アリエクスプレスの怠け者用ラーメンボールはどう考えても使えない話

タイパという言葉が出てきたのはそんな昔の事ではなく、今から10年以内に誕生した造語だそうで、限られた時間内で効果が高く、満足を得ることを意味します。

30分の動画を倍速で視聴すれば15分で見終わるからタイパが良い、といった塩梅で、確かに倍速視聴に慣れると通常の速さでは遅すぎる感覚になる一方で、なにか別の作品を見ているような感覚になってしまう面もあって、どちらが正解なのかは人それぞれの価値観だと思います。

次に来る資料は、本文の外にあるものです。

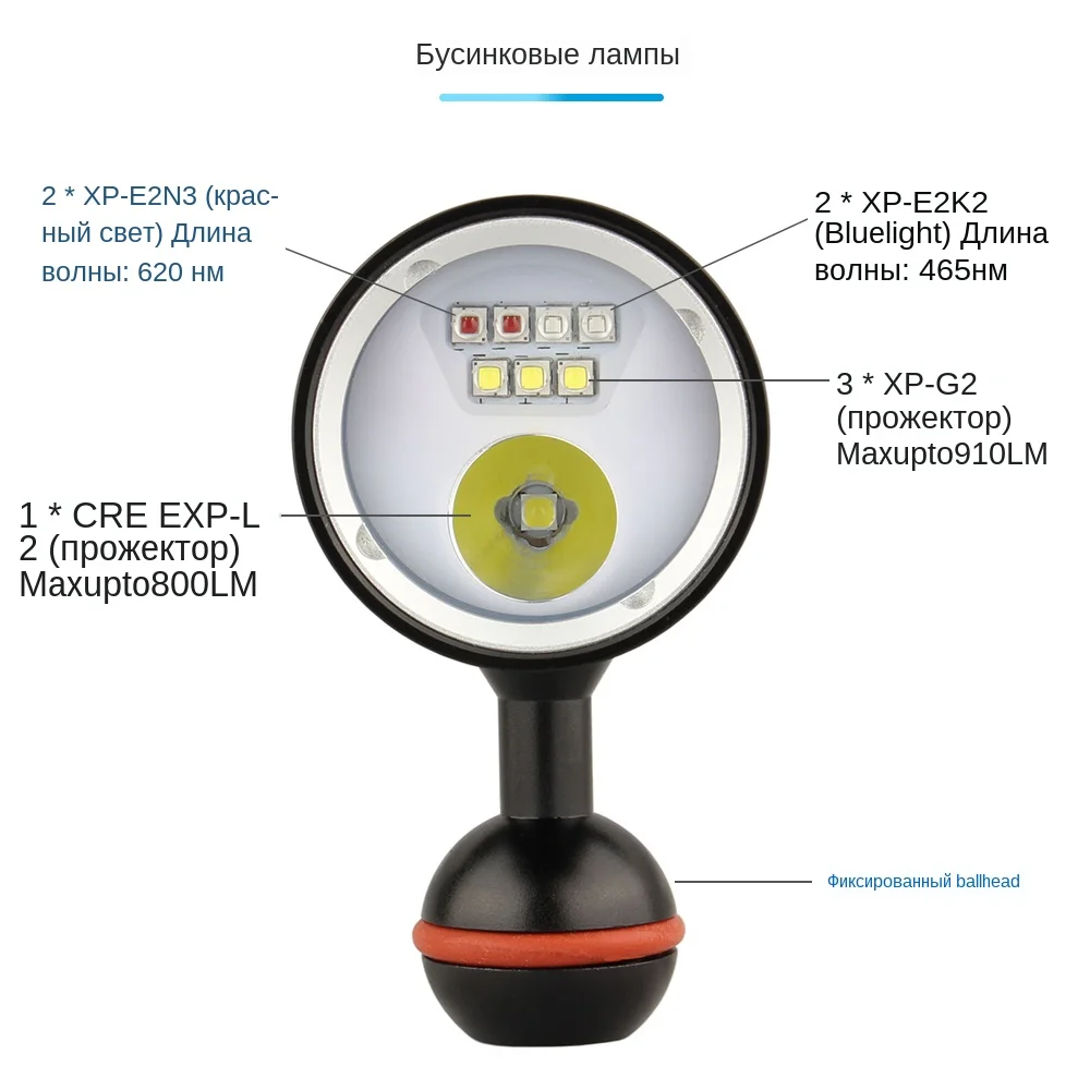 ① CREE XP-G2 * 3 / CREE XP-L2 * 1 / CREE XP-E красный * 2 / CREE XPE синий * 2 ②Прочная головка лампы из алюминиевого сплава, улучшает теплоотдачу, износостойкое окислительное покрытие ③ Система автоматического сброса яркости. Белый (прожектор)-белый-красный-синий; Интеллектуальный дисплей питания: Зеленый 80%-красный 30%-красный flash10 % ниже ④Отверстие для шнуровки; Конструкция с завальцовкой; Подставка для головы. ⑤Специальная подводная фотография заполняющий светильник; Избегайте беспокойства красный светильник. Eyelпетелька.

古来よりタイム・イズ・マネーとの言葉があるように、余計な時間を使わずに済むことに価値があるのは間違いないものの、行き過ぎた時短は精神的な負担が増す可能性も指摘されていたりもします。

アリエクスプレスにもタイパに特化した商品が数多く存在しているのですが、中には間違っているように思えるものが存在します。

なぜ、間違っているのかというと、アリエクスプレスというか、あちらの国特有のもたらす結果が全てであり、その結果になるためには工程は一切無視して製造してしまう土壌があるからだと思われます。

上の画像は、袋入りのインスタントラーメンを鍋で煮ることなく作ることができ、使った後に洗う手間もないラーメンボールという商品です。

商品名を見ると、あちらの国ではこういった時短行為を『タイパ』とは言わず、『怠け者』と表現するようですが、とにかく、インスタントラーメンが素早く簡単に作ることができ、食後に洗う手間もなく便利だとの商品がいくつも売られております。

この商品の使い方を見てみると、袋めんの上部だけを切って容器に入れてスープを取り出し、

お湯を注いで袋を閉じておけばラーメンが完成して、

食後は袋だけを捨てれば洗う手間もない、というシロモノなのですが、袋めんはカップラーメンと異なり加熱をすることで麺がほぐれるはずで、100℃のお湯を注いだだけでは麺がゆだるはずもなく、芯だらけのぼそぼその麺を食べることになると思われます。

百歩譲って、この容器に入れて電子レンジでチンをするというのなら麺がゆだりそうですが、きっと電子レンジはダメな容器なんだと思います。

結果を重視するあまり、そこに至るまでの工程は知ったことではない、との精神がかなり宿っている、アリエクスプレスの怠け者用ラーメンボールのお話でした。